#### RECORDS FOR PROCESSING

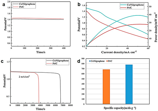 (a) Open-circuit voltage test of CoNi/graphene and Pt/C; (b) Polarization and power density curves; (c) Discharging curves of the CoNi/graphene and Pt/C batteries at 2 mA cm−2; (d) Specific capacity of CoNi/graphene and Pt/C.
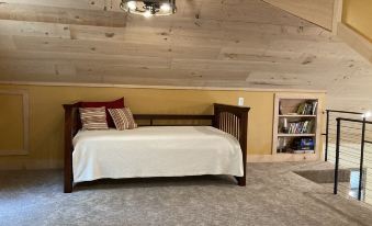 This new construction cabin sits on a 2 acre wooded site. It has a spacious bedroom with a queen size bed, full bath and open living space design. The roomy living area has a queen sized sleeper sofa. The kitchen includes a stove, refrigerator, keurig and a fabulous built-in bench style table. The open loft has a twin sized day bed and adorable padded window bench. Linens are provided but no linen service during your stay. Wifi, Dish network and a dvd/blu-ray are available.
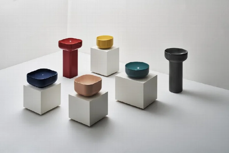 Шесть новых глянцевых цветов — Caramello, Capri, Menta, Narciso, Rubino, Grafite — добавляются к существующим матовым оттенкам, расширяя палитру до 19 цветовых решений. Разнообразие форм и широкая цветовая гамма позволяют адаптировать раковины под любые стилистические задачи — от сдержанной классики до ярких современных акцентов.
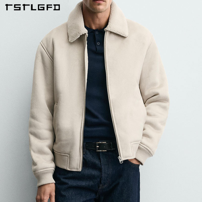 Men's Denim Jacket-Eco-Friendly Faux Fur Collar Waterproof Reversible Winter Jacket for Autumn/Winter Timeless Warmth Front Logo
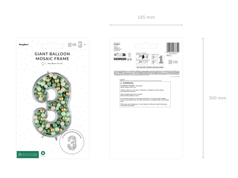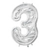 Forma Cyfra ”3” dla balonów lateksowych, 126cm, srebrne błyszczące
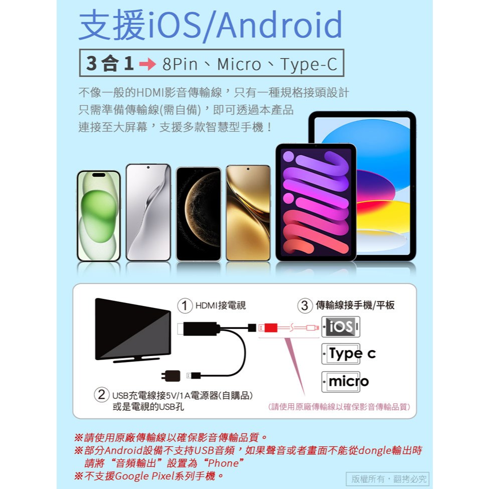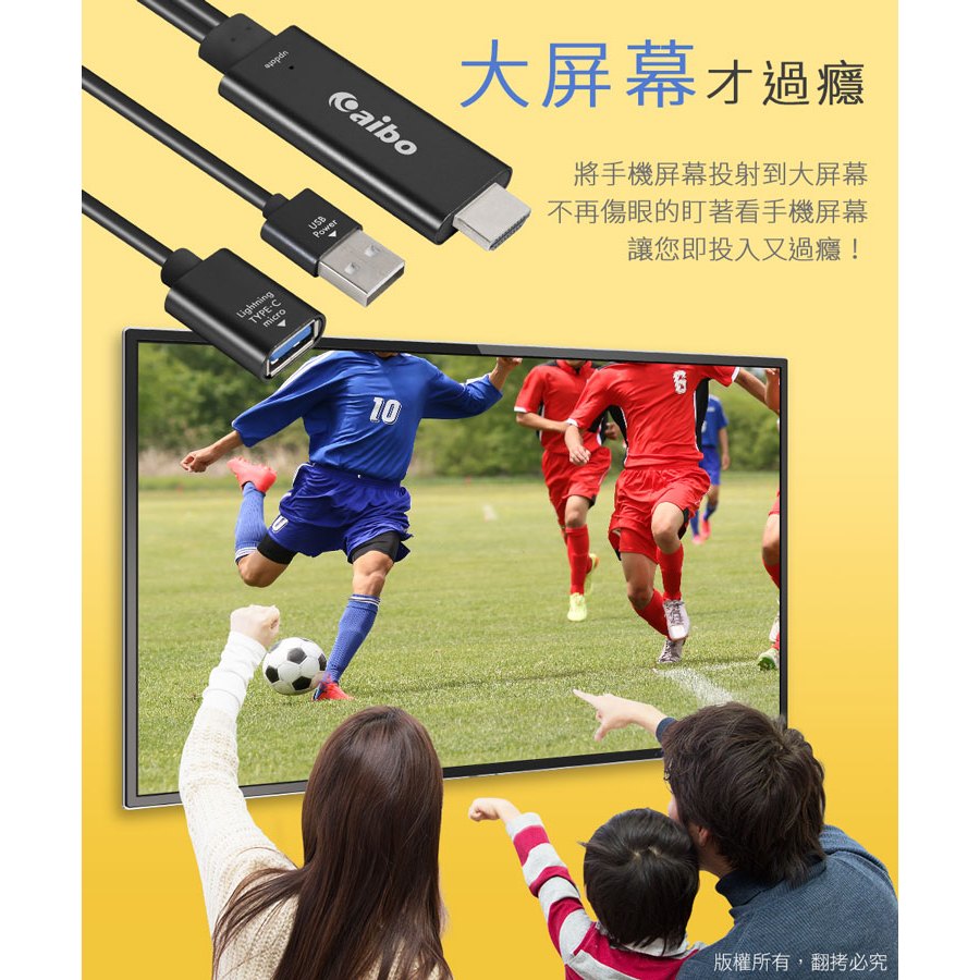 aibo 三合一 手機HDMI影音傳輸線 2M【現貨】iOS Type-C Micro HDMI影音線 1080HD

########

> **EXERCISE**:
Pictures stay out; all other material above is restated word for word.

> **SOLUTION BELOW**:
 (a) Open-circuit voltage test of CoNi/graphene and Pt/C; (b) Polarization and power density curves; (c) Discharging curves of the CoNi/graphene and Pt/C batteries at 2 mA cm−2; (d) Specific capacity of CoNi/graphene and Pt/C.
 This new construction cabin sits on a 2 acre wooded site. It has a spacious bedroom with a queen size bed, full bath and open living space design. The roomy living area has a queen sized sleeper sofa. The kitchen includes a stove, refrigerator, keurig and a fabulous built-in bench style table. The open loft has a twin sized day bed and adorable padded window bench. Linens are provided but no linen service during your stay. Wifi, Dish network and a dvd/blu-ray are available.
 Шесть новых глянцевых цветов — Caramello, Capri, Menta, Narciso, Rubino, Grafite — добавляются к существующим матовым оттенкам, расширяя палитру до 19 цветовых решений. Разнообразие форм и широкая цветовая гамма позволяют адаптировать раковины под любые стилистические задачи — от сдержанной классики до ярких современных акцентов.
 Men's Denim Jacket-Eco-Friendly Faux Fur Collar Waterproof Reversible Winter Jacket for Autumn/Winter Timeless Warmth Front Logo
 Forma Cyfra ”3” dla balonów lateksowych, 126cm, srebrne błyszczące
 aibo 三合一 手機HDMI影音傳輸線 2M【現貨】iOS Type-C Micro HDMI影音線 1080HD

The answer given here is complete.